In his address to the graduates, Woody Allen once made this solemn observation:
"More than any other time in history, mankind faces a crossroad. One path leads to despair and hopelessness, the other to total extinction. Let us pray we have the wisdom to choose correctly."
The ridiculous and the absurd can be invaluable allies in separating us from our self-importance, by reminding us how truly unimportant most of what we deem terribly important is.
Sages throughout the ages have all understood the principle of taking things easy:
"Take the world lightly and your spirit will not be burdened. Consider everything minor, and your mind will not be confused. Regard death and life as equal, and your heart will not be afraid." (See Thomas Cleary, The Tao of Politics, 1990)
An increasing sense of fun and play, and of the ridiculous and the absurd is one of the sure signs of a developing integrity.
But there is also a serious side to humor. Here are some of its tactical and dramatic uses.
In his fight for life with an auto-immune disease the writer, Norman Cousins, spent months doubled over in laughter watching every hilarious movie and reading every silly book he could lay his hands on.

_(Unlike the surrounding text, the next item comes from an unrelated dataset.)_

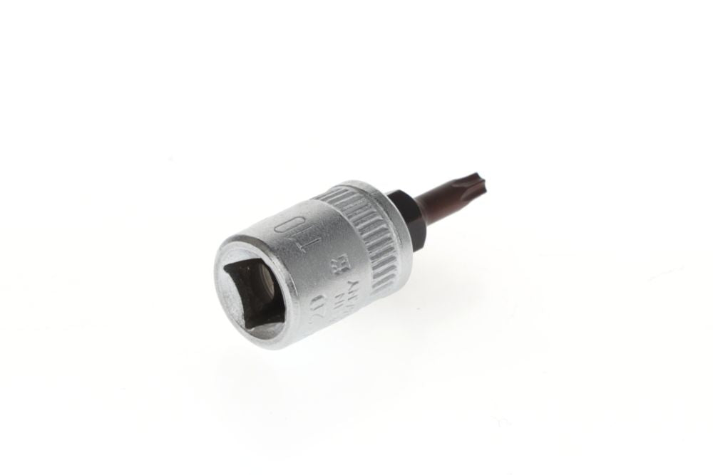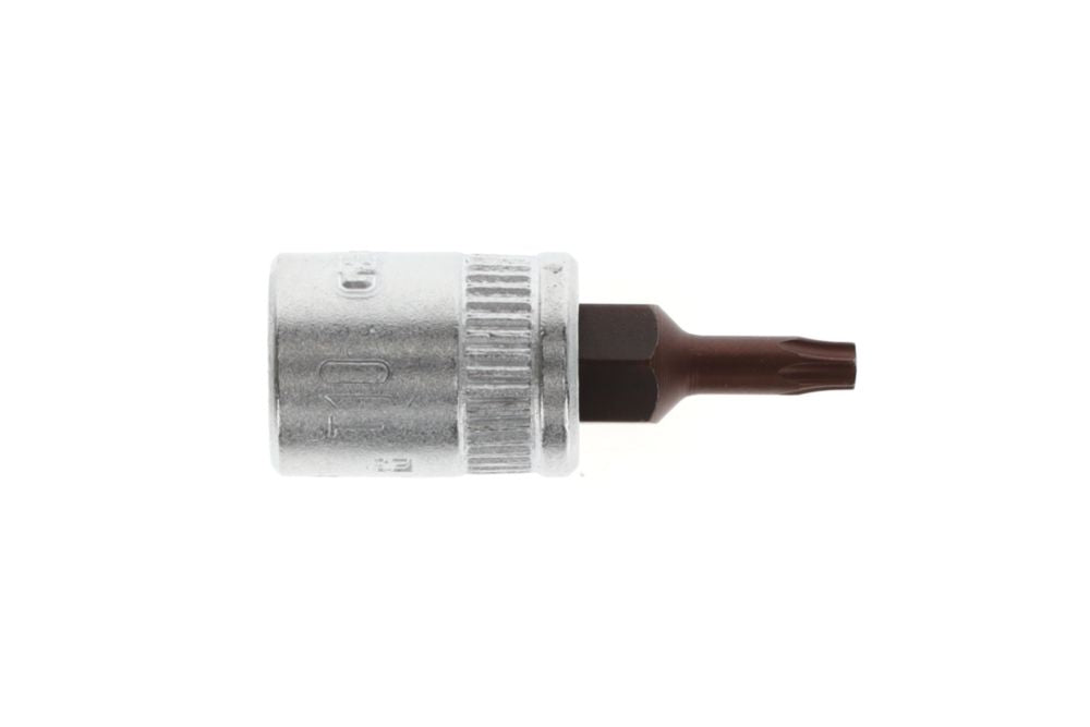 Napęd kwadratowy 6,3 mm (1/4″) - do śrub z wewnętrznym profilem TORX® - stal wanadowa - chromowana - końcówka ze specjalnej stali, czerniona - radełkowana - DIN 3120 / ISO 1174

Charlie Chaplin's ridiculous portrait of Hitler in The Great Dictator is a good example. Every New Guinea warrior understands how to turn his backside on his enemy in order to throw him into a rage and break his timing. He laughs him to scorn.
The low stance: "Aw shucks, I'm just a country lawyer" is standard fair for some of the most astute legal sharpshooters. The drunken-man style of gung-fu is one of the most deadly.
In the Japanese epic, Chushingura, Chamberlain Oishi divorces his wife and spends all his days debauchery in the pleasure houses, waiting for the right time to assemble his ronin (masterless samurai) and take revenge on the villainous Lord Kira.
Before the discovery of the body of the murdered Duncan in the tragedy of MacBeth, Shakespeare interpolates a hilarious scene with a drunken watchman who is complaining that he can't get his piddle aligned with his performance. The drunken watchman makes the discovery of the murdered king in the next scene all the more horrific. (Click for a more contemporary example from the O. J. Simpson trial.)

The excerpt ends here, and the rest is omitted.